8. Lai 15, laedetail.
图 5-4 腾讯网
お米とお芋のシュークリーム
==
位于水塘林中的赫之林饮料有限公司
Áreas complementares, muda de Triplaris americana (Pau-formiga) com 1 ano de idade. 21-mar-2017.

Assigned task: Which lines run from the one holding "位于水塘林中的赫之林饮料有限公司" through the one holding "Áreas complementares, muda" in the records above? Repeat them exactly, both included, and nothing more.

Solution below:
位于水塘林中的赫之林饮料有限公司
Áreas complementares, muda de Triplaris americana (Pau-formiga) com 1 ano de idade. 21-mar-2017.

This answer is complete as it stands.